This repository contains a compression algorithm written by me (Michael Grigoryan). The algorithm is only able to compress and decompress text files and is not guaranteed to work with other file types.
The algorithm works best with repetitive texts.
Suppose you have this repetitive text:
Nory was a Catholic because her mother was a Catholic,
and Nory’s mother was a Catholic because her father
was a Catholic, and her father was a Catholic because
his mother was a Catholic, or had been.
Taken from https://thejohnfox.com/2021/08/17-fantastic-repetition-examples-in-literature/
As you can see the text is very repetitive. The compression algorithm will loop through all the lines and the words in them.
If a word is not present in the shared index and is used multiple times throughout the text body, the algorithm will append that word to the shared index. If the word is only used once, then it is added directly to the compressed file, without being added to the shared index.

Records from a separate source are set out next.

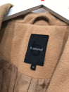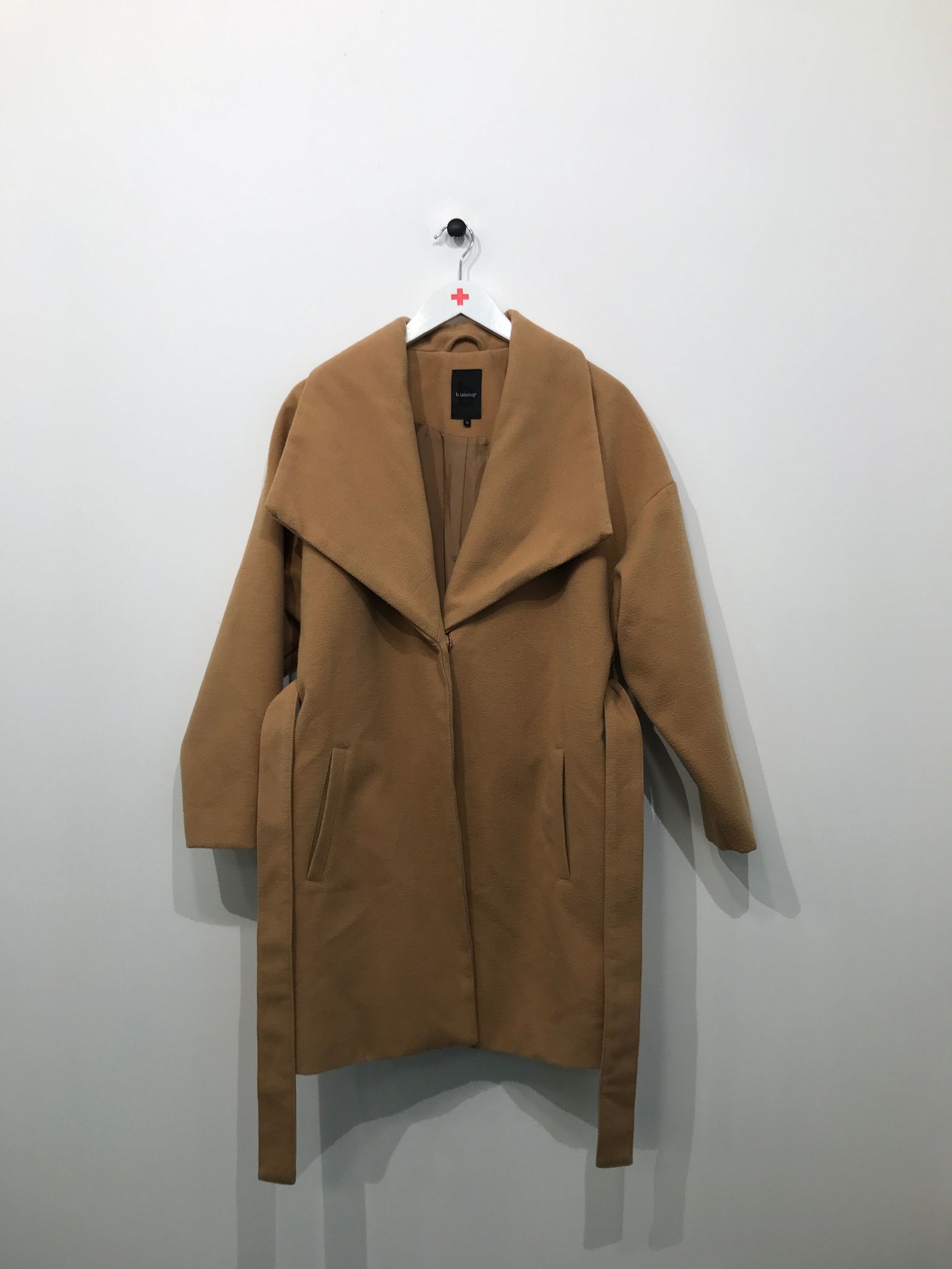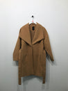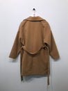 Smart frakke med stor krave, trykknaplukning og bredt bindebånd
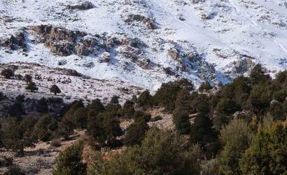 Antalya'nın Kaş ilçesinde soğuk havanın etkili olduğu yüksek rakımlı bölgeler kar yağışıyla birlikte beyaza büründü.
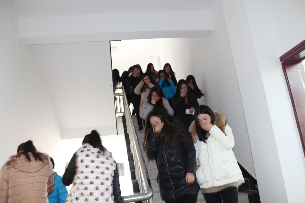 4:00,全院师生在教学楼进行了消防安全疏散演练。随着刺耳的警报声拉响,学校应急疏散演练指挥部下达了“教学楼发生火灾,请同学们立即撤离”的命令。辅导员及保卫处工作人员,各就各位迅速地引导楼内学生快速疏散,带领学生弯着腰、猫着步、贴着墙根,用手帕、毛巾等捂住口鼻,沿着学校指定的疏散通道快速有序地撤离到图书馆前的安全地带。随即辅导员清点人数,并层层向上汇报,全校700多名师生全部安全疏散完毕,整个逃生过程迅速有序。
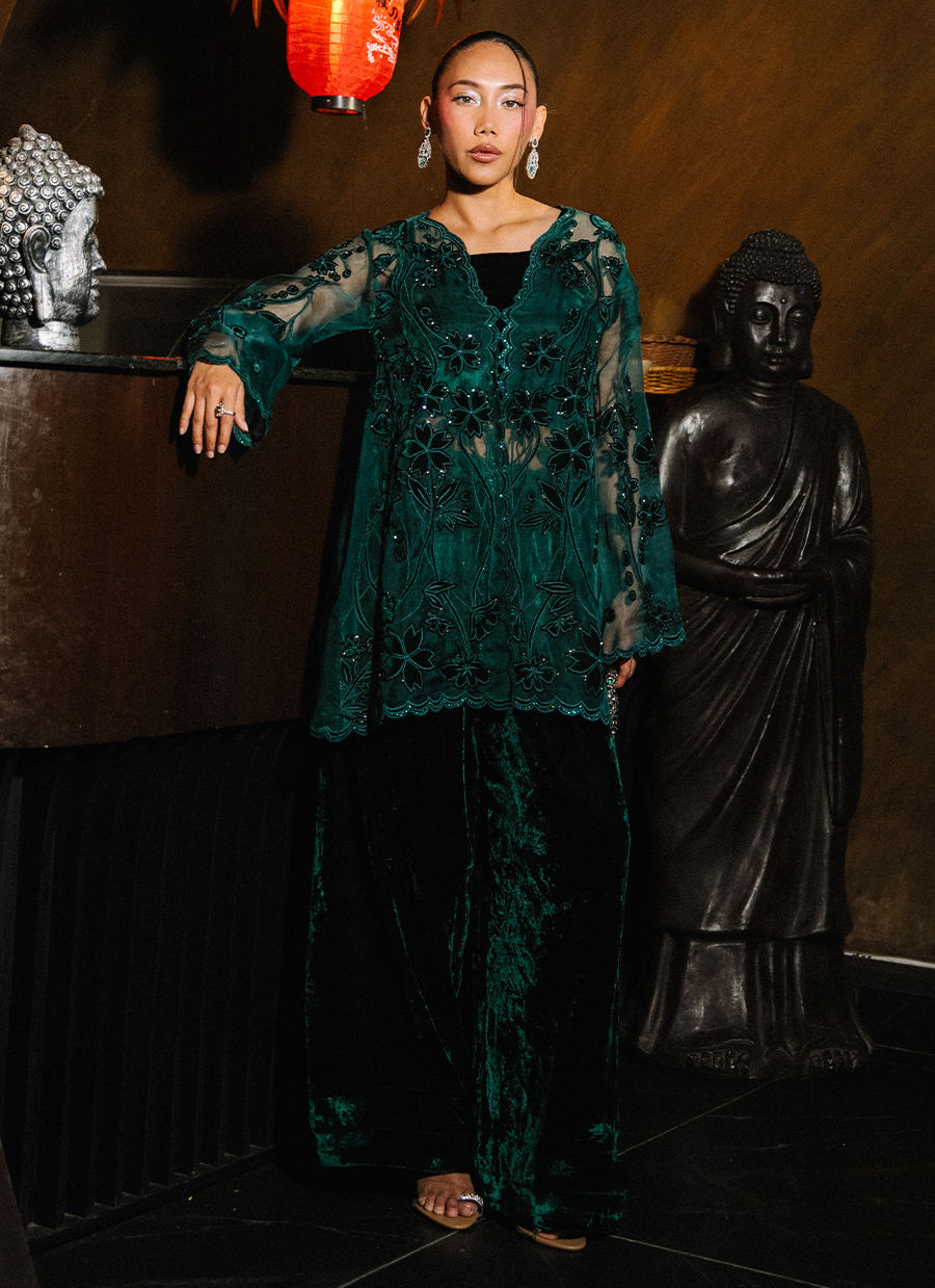 Color: Emerald Green Fabric: Velvet Work Details: Embellished
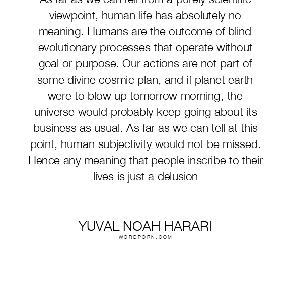 As far as we can tell from a purely scientific viewpoint, human life has absolutely no meaning. Humans are the outcome of blind evolutionary processes that operate without goal or purpose. Our actions are not part of some divine cosmic plan, and if planet earth were to blow up tomorrow morning, the universe would probably keep going about its business as usual. As far as we can tell at this point, human subjectivity would not be missed. Hence any meaning that people inscribe to their lives is just a delusion
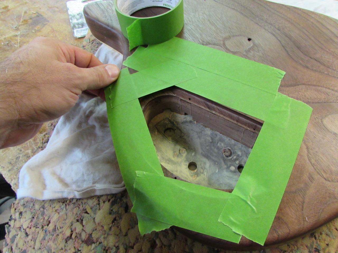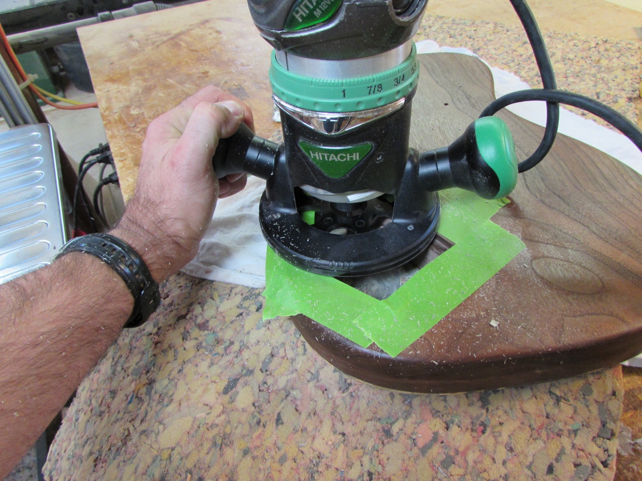 The best way to easily remove the excess wood, that I can think of, is to use my router, with a spiral up-cut bit. I taped off the area, to prevent the router base from scratching the walnut, and set my bit to cut about 3/16″ into the burl.
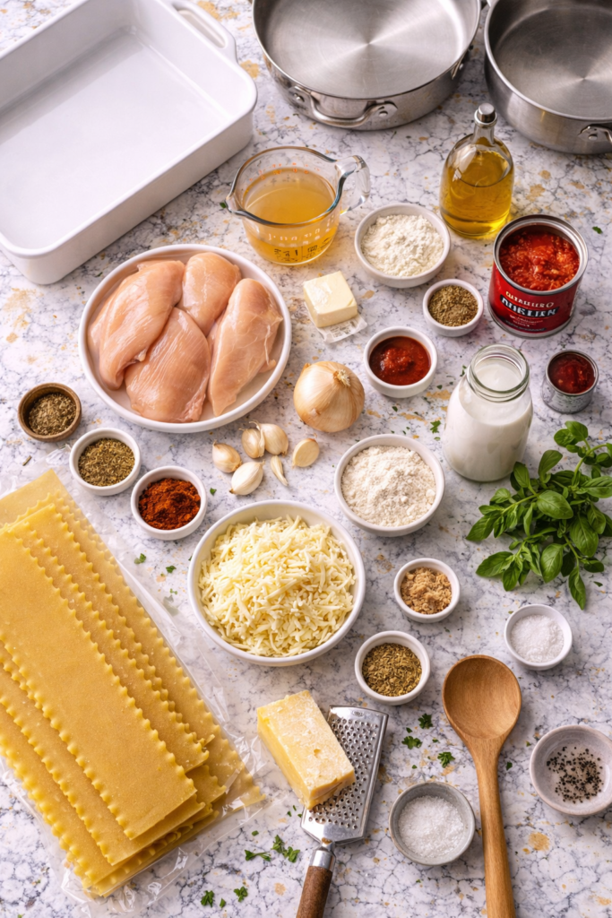 Most chicken lasagnas end up tasting a little bland. The fix? A rich béchamel sauce and properly seasoned chicken that’s cooked with aromatics before it even touches the dish.

After the compression the file will produce a compressed.mca
file which will have the following content:
["Nory","was","a","Catholic","because","her","mother","Catholic,","and","father","or"]
0 1 2 3 4 5 6 1 2 7
8 Nory’s 6 1 2 3 4 5 9
1 2 7 8 5 9 1 2 3 4
his 6 1 2 7 10 had been.
The first line of the output contains the shared index. If you attempt to decompress a file without this "header" the program will throw a corruption error.
You can start the program by running:
cargo run --release
after which you should get a prompt, asking you to choose an action:
select an option: (c)ompress/(d)ecompress:
Both, compression and decompression are supported. Compressing a
file will create a file named compressed.mca
and decompression
will output a file named decompressed.txt
.